Cover image for Reinforcement Learning-Why And What
S.HARIHARA SUDHAN
S.HARIHARA SUDHAN

Posted on

Reinforcement Learning-Why And What

The motive for Reinforcement Learning

In supervised learning, we observed algorithms that attempted to replicate the labels y provided in the training set in their outputs. The labels provided a clear "correct response" for each of the inputs x in that situation. Contrarily, giving a learning algorithm this kind of explicit supervision can be quite challenging for many sequential decision-making and control problems. For instance, if we have just created a four-legged robot and are attempting to programme it to walk, we will first be unsure of the "right" behaviors to perform to make it walk, and will therefore be unsure of how to provide explicit supervision for a learning algorithm to attempt to replicate.

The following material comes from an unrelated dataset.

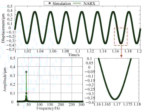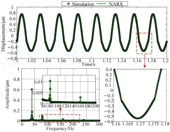 To ensure the accuracy of the identified NARX model, the MPO prediction output of the NARX model and the actual output obtained from the numerical simulation are compared and analyzed in the time domain and frequency domain, as shown from Figure 7, Figure 8, Figure 9 and Figure 10. The predicted output of the NARX model is the same as the original simulation waveform, and the frequency domain characteristics of the first seven times the rotational frequency are consistent. It shows that the NARX model identified under each looseness stiffness has high accuracy and reliability. The effective NARX model lays the foundation for the subsequent NOFRF evaluation and further sensitive feature extraction.

In the case of Reinforcement Learning, we will instead provide our algorithms only a reward function, which indicate to the learning agent when it is doing well, and when it is doing poorly. In the four-legged walking example, the robot might receive positive rewards for moving forward and negative rewards for either moving backward or falling over from the reward function. The learning algorithm's task will then be to determine how to choose activities over time in order to obtain huge rewards.

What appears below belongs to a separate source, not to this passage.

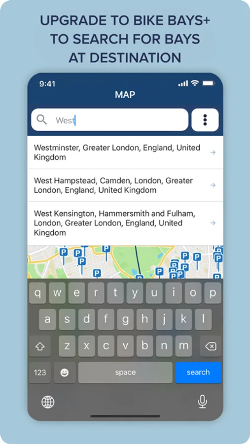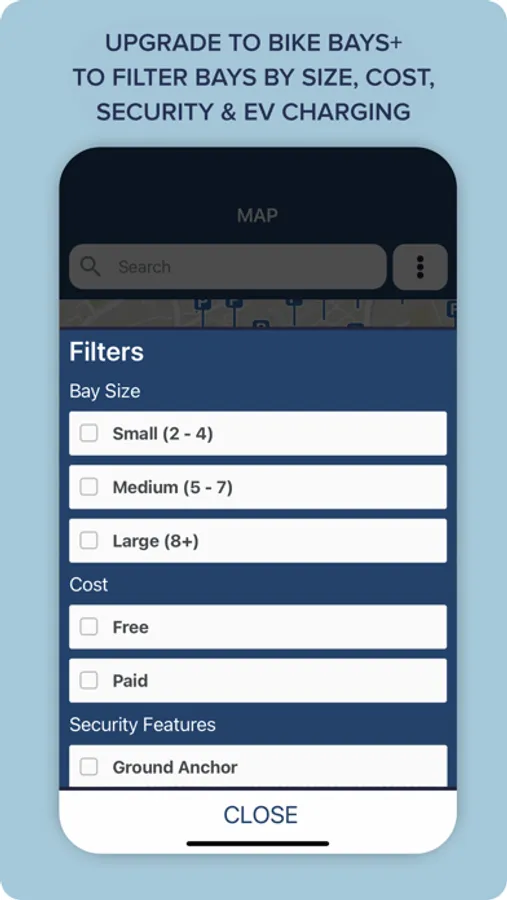 Bike Bays+ also adds a search bar to find bays near your destination, as well as a filter to show bays that meet your search criteria.
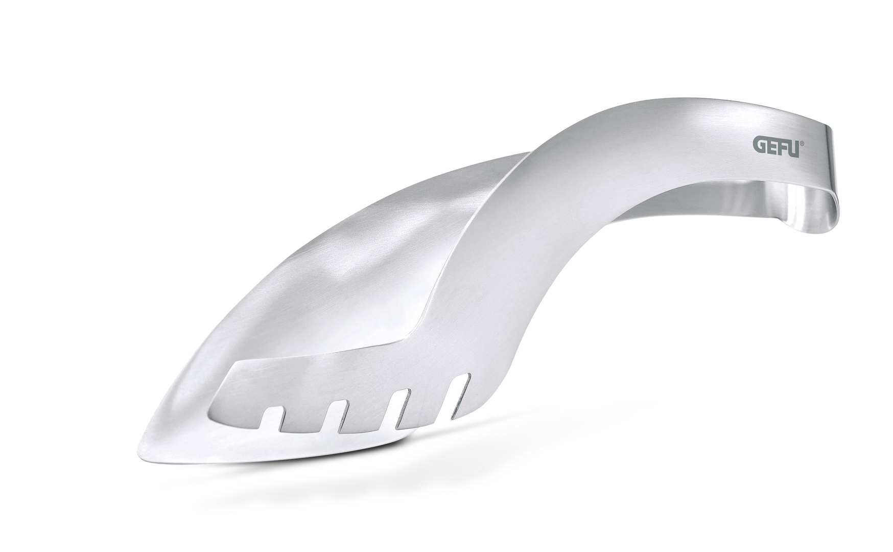 The elegant pasta and salad tongs Inspiria are made of glossy polished stainless steel. The right side of the tongs is spoon-shaped so that the sauce is directly served along with the salad or pasta. In addition, the curved design of their handles prevents them from slipping into the bowl or pot. The kitchen tool features balanced elasticity, which ensures optimum power transfer when they are pressed together.

Some of the major applications that are still using reinforcement learning include autonomous helicopter flight, robot-legged locomotion, cell phone network routing, marketing strategy selection, factory control, and efficient web page indexing.

The below diagram shows how an autonomous helicopter flies in different directions using reinforcement learning:

Autonomous Helicopter

What is Reinforcement Learning ?

By executing actions at each state and observing the outcomes of those actions, an agent learns how to behave in a given environment via reinforcement learning, a feedback-based machine-learning technique. The agent receives compliments for each positive activity and is penalized or given negative feedback for each negative action.
In reinforcement learning, an agent's main objective is to maximize positive rewards while doing better. The agent learns through hit-and-miss and depending on its experience, it develops the skills necessary to carry out the mission more effectively. Thus, "Reinforcement learning is a form of machine learning method where an intelligent agent (computer program) interacts with the environment and learns to function within that".

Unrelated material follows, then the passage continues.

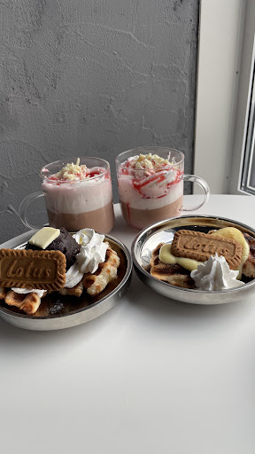 注文したのはクロッフルと季節限定のストロベリーホワイトラテのホットです。味はそこそこでした。 韓国っぽいオシャレな雰囲気なので推し活や中高生にはいいかもしれません。 ただ、席が少ない点や待ち列がテーブルの真横にあって気になる点などで長時間の利...
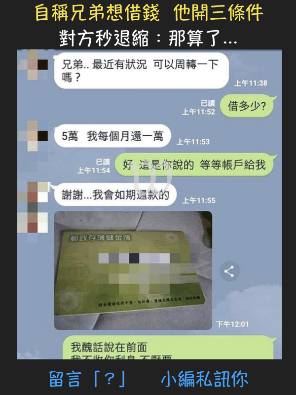 網友們看到後紛紛表示:「借錢是花錢買仇人~真的夠朋友會去跟銀行借,不會跟朋友借」、

Consider the following scenario:
An AI agent is present in a maze environment, and his objective is to locate the diamond. The agent interacts with the environment by taking certain actions and depending on those activities, the agent's state is altered, and it also receives feedback in the form of rewards or penalties. The agent keeps doing these three things—take action, alter his state or remain in it, and obtain feedback—and by doing so, he learns and explores the surroundings. The agent gains knowledge of which behaviors result in positive feedback or rewards and which behaviors result in negative feedback or penalties. The agent receives positive points for rewards and negative points for penalties.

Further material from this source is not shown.